Amazon senior VP Peter DeSantis concedes the company’s AI models have not reached the frontier of demanding workloads, but expresses confidence Amazon will be competitive among top AI providers within the next year.
- Amazon’s in-house AI models have not matched the capabilities of OpenAI’s GPT and Anthropic’s Claude.
- The company has invested $33 billion in Anthropic, gaining both equity and cloud revenue opportunities.
- Amazon plans to use custom Trainium chips and proprietary data from retail and logistics to accelerate AI development.
What happened
Peter DeSantis, Amazon’s senior vice president overseeing AI models, chips, and quantum computing, admitted that Amazon’s AI models have not been at the leading edge for the most demanding workloads. Despite launching its own model, Nova2, in December, Amazon acknowledges it has yet to match the performance of models like OpenAI’s GPT-5.5 and Anthropic’s Claude.
Alongside this candid admission, Amazon disclosed its significant $33 billion investment into Anthropic, a leading AI startup. This deal includes Anthropic’s access to Amazon’s custom Trainium chips and commits Anthropic to spend over $100 billion on AWS over the decade, creating dual revenue streams and strategic positioning for Amazon in the AI space.
Why it matters
Amazon’s announcement sheds light on the competitive dynamics in AI where even tech giants face challenges in leading frontier model development. By openly acknowledging its position, Amazon signals a realistic but ambitious commitment to closing the gap with OpenAI and Anthropic within a year.
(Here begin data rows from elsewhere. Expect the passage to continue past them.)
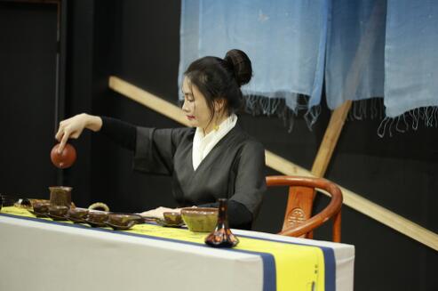 此外,今年度臺(tái)灣頂級(jí)工藝秉持著「手感工藝、溫暖生活」的主軸,將享茶空間搬入展場(chǎng)。以家的休憩空間為想象,搭配茶席上質(zhì)感精細(xì)的工藝器皿,及靜謐優(yōu)雅、層次有致的藍(lán)染茶掛背景,而茶藝師泡茶行茶儀式貫穿整體茶空間,在展場(chǎng)一隅打造茶香氤氳、舒適自在的生活空間;就像生活中靜心享受的,舉目是充滿手感溫度、職人投注意念創(chuàng)作的工藝品,而俯拾間品茶執(zhí)起的是符合人體使用的杯壺,細(xì)細(xì)品嘗,萃取生活時(shí)光點(diǎn)滴。
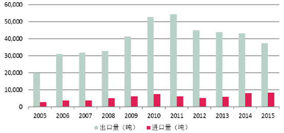 2005-2015年我国乳酸及其盐和酯出口和进口量
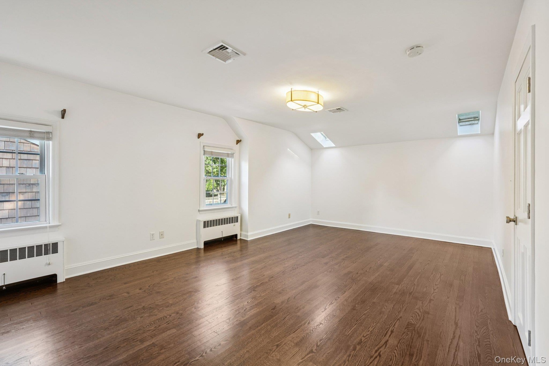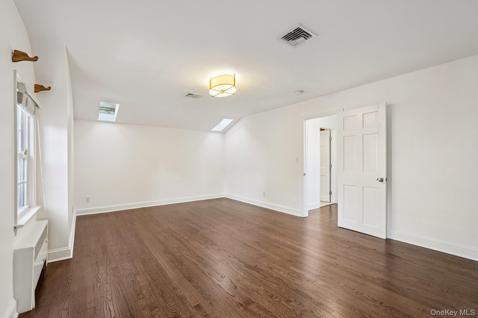 - Spare room featuring a skylight, dark wood-style flooring, and radiator
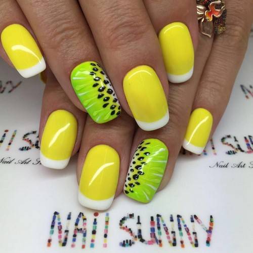 Вкусный маникюр лето может быть выполнен в ярких и насыщенных оттенках. В принципе, именно в таких оттенках и представлены в природе всеми любимые фрукты, которые мастера умудряются отобразить на ногтевой пластине.
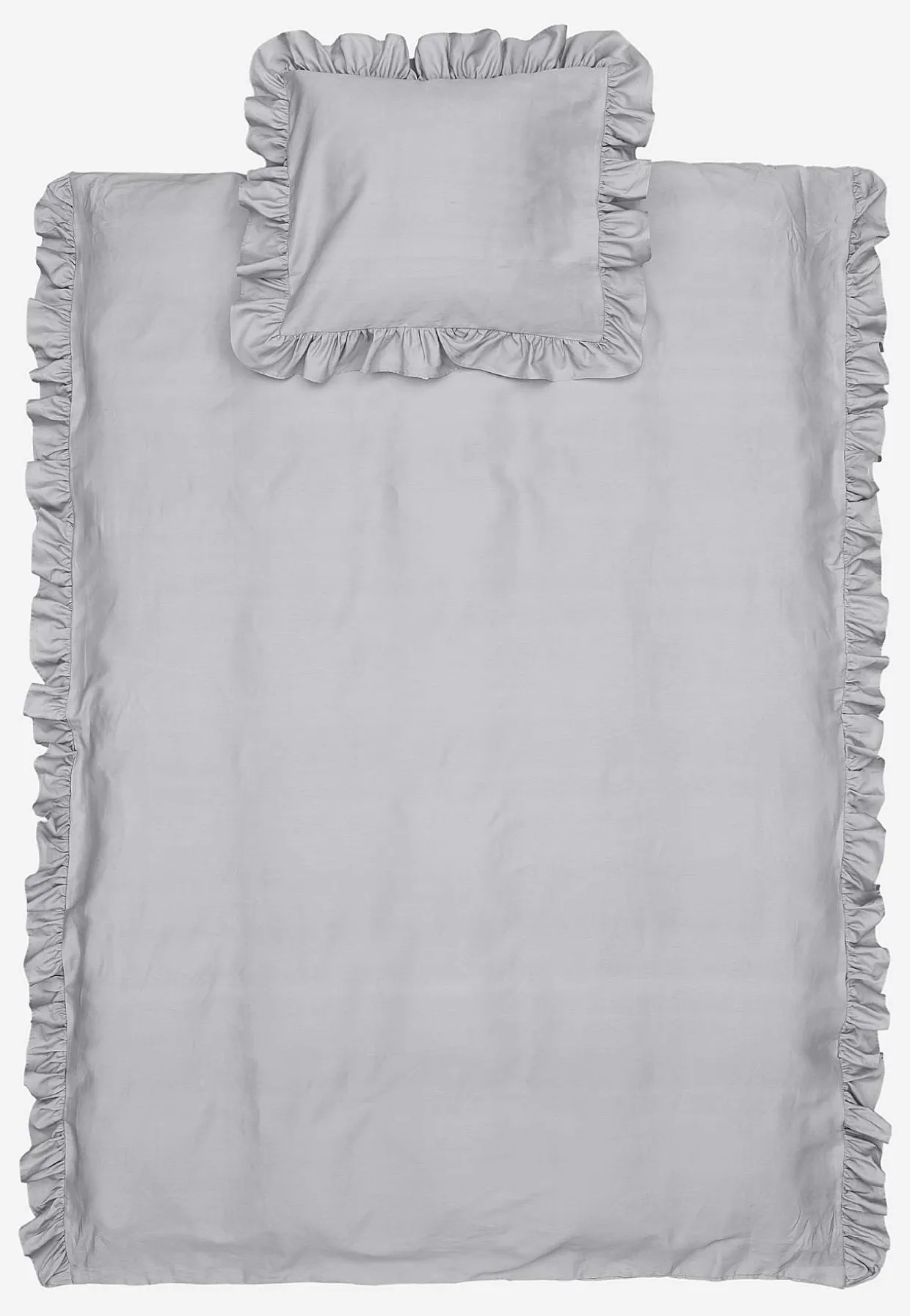 • Dynebetræk 150×210 cm + 8 cm flæse på langsiderne. Pudebetræk 50×60 cm + 8 cm flæse hele vejen rundt.

The company’s approach combines massive financial investments in AI startups with leveraging its proprietary assets such as custom silicon technology and vast proprietary data from Amazon’s retail and logistics operations. This strategy could uniquely position Amazon to excel given its cloud infrastructure scale and specialized computing resources.
What to watch next
The market will closely observe Amazon’s ability to translate its investments and technology into competitive AI models able to meet the highest enterprise and research use cases. The upcoming release of Trainium3 chips, boasting four times the performance of current versions, will be a critical enabler for this goal.
Additionally, Amazon’s further developments around Project Prometheus and integrating its in-house AI capabilities with the Anthropic partnership will be key indicators of its long-term AI ambitions and whether it can close the innovation gap against OpenAI, Anthropic, and Google.